That's exactly what happened here. When the team built an in-house price stream that continuously derives USD prices for tokens from on-chain swap activity, the structure of the problem changed. Instead of maintaining every open pair's exchange rate, you only need the USD price of each individual token. Quadratic becomes linear.

It also changed how prices reach us: a list of per-token prices is small enough to stream, where a matrix of pairs never could be. We stopped polling and started receiving: pull became push.

Here's what it looks like in practice: the trigger system builds an inverted index of open orders, grouped by their trigger token. It subscribes to USD price events for those tokens. When a new price arrives for a particular token, the system looks up every open order indexed to that token and evaluates them in a single pass. Orders that have crossed their threshold get marked for execution.

The cost of trigger detection is now proportional to the number of tokens with recent price activity in each block - not the total number of open orders, not the number of unique pairs, not the trade size of the open orders. A token with no swap activity in a given block costs nothing to evaluate. A token with heavy activity gets evaluated once, regardless of how many orders reference it.

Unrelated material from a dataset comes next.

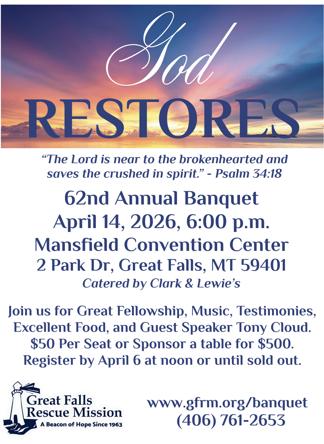 It’s that time of year again! You are invited to join us for our 62nd Annual Banquet on Tuesday, April 14, 2026 at 6:00PM. We hope you will join us at the Mansfield Convention Center for a delicious meal in addition to hearing personal testimonies about how Great Falls Rescue Mission is impacting lives of homeless and hurting people in our community.

The routing API is no longer on the critical path for trigger decisions. It re-enters the picture only at execution time, when the system needs an actual route plan, a fundamentally different and much less frequent operation.

The honest tradeoff

This design is not a free lunch.

For the USD price of a token to exist in the stream, that token needs recent swap activity - someone, somewhere, needs to be trading it against something that has a known USD price. The price graph isn't always connected. A token that only trades against one obscure counterpart, which itself only trades against another obscure counterpart, may never surface in the USD price stream at all. The signal simply doesn't reach.

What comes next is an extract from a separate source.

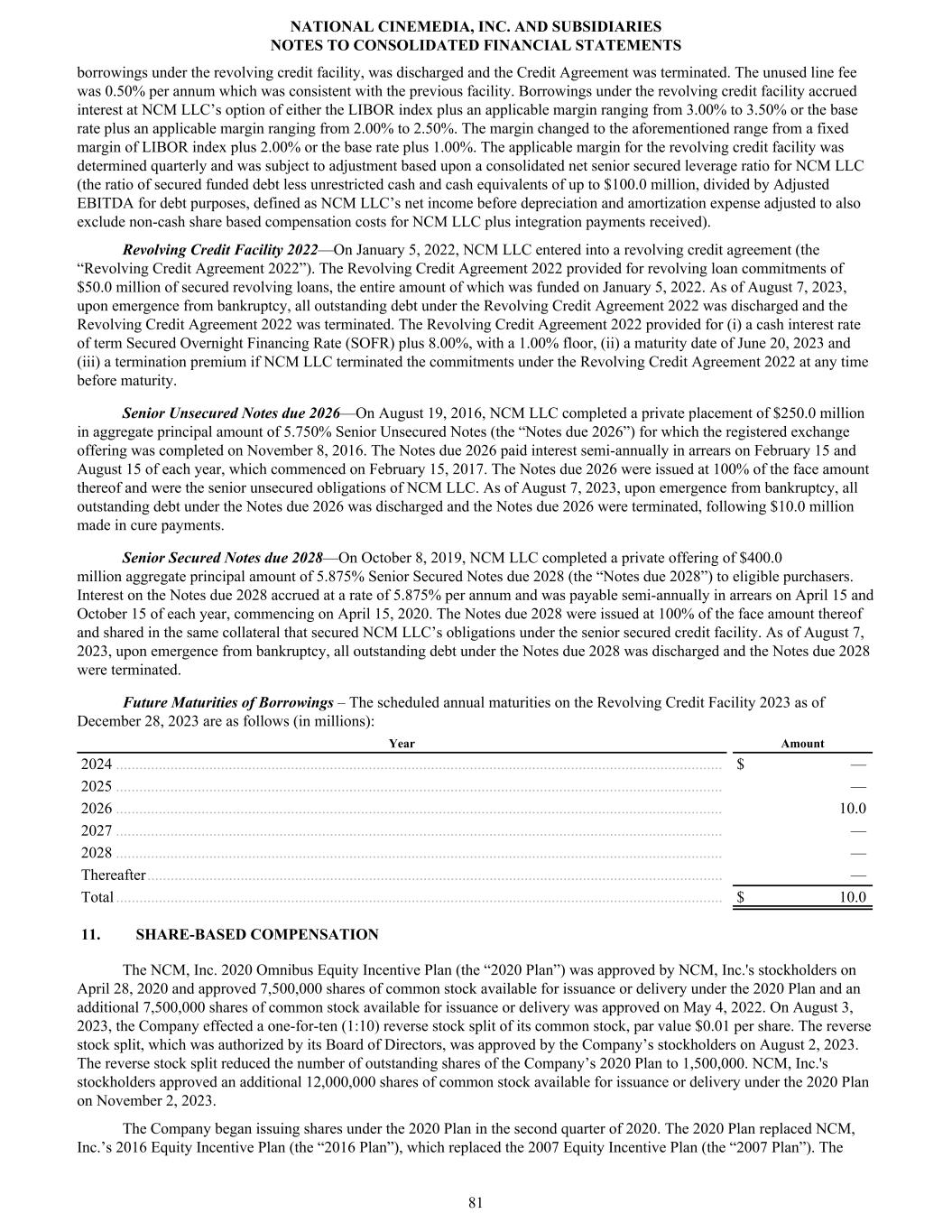 borrowings under the revolving credit facility, was discharged and the Credit Agreement was terminated. The unused line fee was 0.50% per annum which was consistent with the previous facility. Borrowings under the revolving credit facility accrued interest at NCM LLC’s option of either the LIBOR index plus an applicable margin ranging from 3.00% to 3.50% or the base rate plus an applicable margin ranging from 2.00% to 2.50%. The margin changed to the aforementioned range from a fixed margin of LIBOR index plus 2.00% or the base rate plus 1.00%. The applicable margin for the revolving credit facility was determined quarterly and was subject to adjustment based upon a consolidated net senior secured leverage ratio for NCM LLC (the ratio of secured funded debt less unrestricted cash and cash equivalents of up to $100.0 million, divided by Adjusted EBITDA for debt purposes, defined as NCM LLC’s net income before depreciation and amortization expense adjusted to also exclude non-cash share based compensation costs for NCM LLC plus integration payments received). Revolving Credit Facility 2022—On January 5, 2022, NCM LLC entered into a revolving credit agreement (the “Revolving Credit Agreement 2022”). The Revolving Credit Agreement 2022 provided for revolving loan commitments of $50.0 million of secured revolving loans, the entire amount of which was funded on January 5, 2022. As of August 7, 2023, upon emergence from bankruptcy, all outstanding debt under the Revolving Credit Agreement 2022 was discharged and the Revolving Credit Agreement 2022 was terminated. The Revolving Credit Agreement 2022 provided for (i) a cash interest rate of term Secured Overnight Financing Rate (SOFR) plus 8.00%, with a 1.00% floor, (ii) a maturity date of June 20, 2023 and (iii) a termination premium if NCM LLC terminated the commitments under the Revolving Credit Agreement 2022 at any time before maturity. Senior Unsecured Notes due 2026—On August 19, 2016, NCM LLC completed a private placement of $250.0 million in aggregate principal amount of 5.750% Senior Unsecured Notes (the “Notes due 2026”) for which the registered exchange offering was completed on November 8, 2016. The Notes due 2026 paid interest semi-annually in arrears on February 15 and August 15 of each year, which commenced on February 15, 2017. The Notes due 2026 were issued at 100% of the face amount thereof and were the senior unsecured obligations of NCM LLC. As of August 7, 2023, upon emergence from bankruptcy, all outstanding debt under the Notes due 2026 was discharged and the Notes due 2026 were terminated, following $10.0 million made in cure payments. Senior Secured Notes due 2028—On October 8, 2019, NCM LLC completed a private offering of $400.0 million aggregate principal amount of 5.875% Senior Secured Notes due 2028 (the “Notes due 2028”) to eligible purchasers. Interest on the Notes due 2028 accrued at a rate of 5.875% per annum and was payable semi-annually in arrears on April 15 and October 15 of each year, commencing on April 15, 2020. The Notes due 2028 were issued at 100% of the face amount thereof and shared in the same collateral that secured NCM LLC’s obligations under the senior secured credit facility. As of August 7, 2023, upon emergence from bankruptcy, all outstanding debt under the Notes due 2028 was discharged and the Notes due 2028 were terminated. Future Maturities of Borrowings – The scheduled annual maturities on the Revolving Credit Facility 2023 as of December 28, 2023 are as follows (in millions): Year Amount 2024 ............................................................................................................................................................ $ — 2025 ............................................................................................................................................................ — 2026 ............................................................................................................................................................ 10.0 2027 ............................................................................................................................................................ — 2028 ............................................................................................................................................................ — Thereafter .................................................................................................................................................... — Total ............................................................................................................................................................ $ 10.0 11. SHARE-BASED COMPENSATION The NCM, Inc. 2020 Omnibus Equity Incentive Plan (the “2020 Plan”) was approved by NCM, Inc.'s stockholders on April 28, 2020 and approved 7,500,000 shares of common stock available for issuance or delivery under the 2020 Plan and an additional 7,500,000 shares of common stock available for issuance or delivery was approved on May 4, 2022. On August 3, 2023, the Company effected a one-for-ten (1:10) reverse stock split of its common stock, par value $0.01 per share. The reverse stock split, which was authorized by its Board of Directors, was approved by the Company’s stockholders on August 2, 2023. The reverse stock split reduced the number of outstanding shares of the Company’s 2020 Plan to 1,500,000. NCM, Inc.'s stockholders approved an additional 12,000,000 shares of common stock available for issuance or delivery under the 2020 Plan on November 2, 2023. The Company began issuing shares under the 2020 Plan in the second quarter of 2020. The 2020 Plan replaced NCM, Inc.’s 2016 Equity Incentive Plan (the “2016 Plan”), which replaced the 2007 Equity Incentive Plan (the “2007 Plan”). The NATIONAL CINEMEDIA, INC. AND SUBSIDIARIES NOTES TO CONSOLIDATED FINANCIAL STATEMENTS 81

This is a genuine hard problem: price connectivity in a disconnected token graph. If you imagine every token as a node and every actively traded pool as an edge, the USD price stream can only reach tokens that are connected, through some path of recent swap activity, back to tokens with established USD prices. A pool can exist, but if nobody's trading on it, it produces no price signal. Isolated clusters in that graph are invisible.

For users with orders on illiquid tokens, this means delayed triggers. Not incorrect, just delayed ones. The system will not trigger an order based on a stale price, because stale prices are exactly the wrong input for an execution decision. If the last trade was thirty minutes ago, you shouldn't be executing a limit order based on that number. The price could be anywhere by now.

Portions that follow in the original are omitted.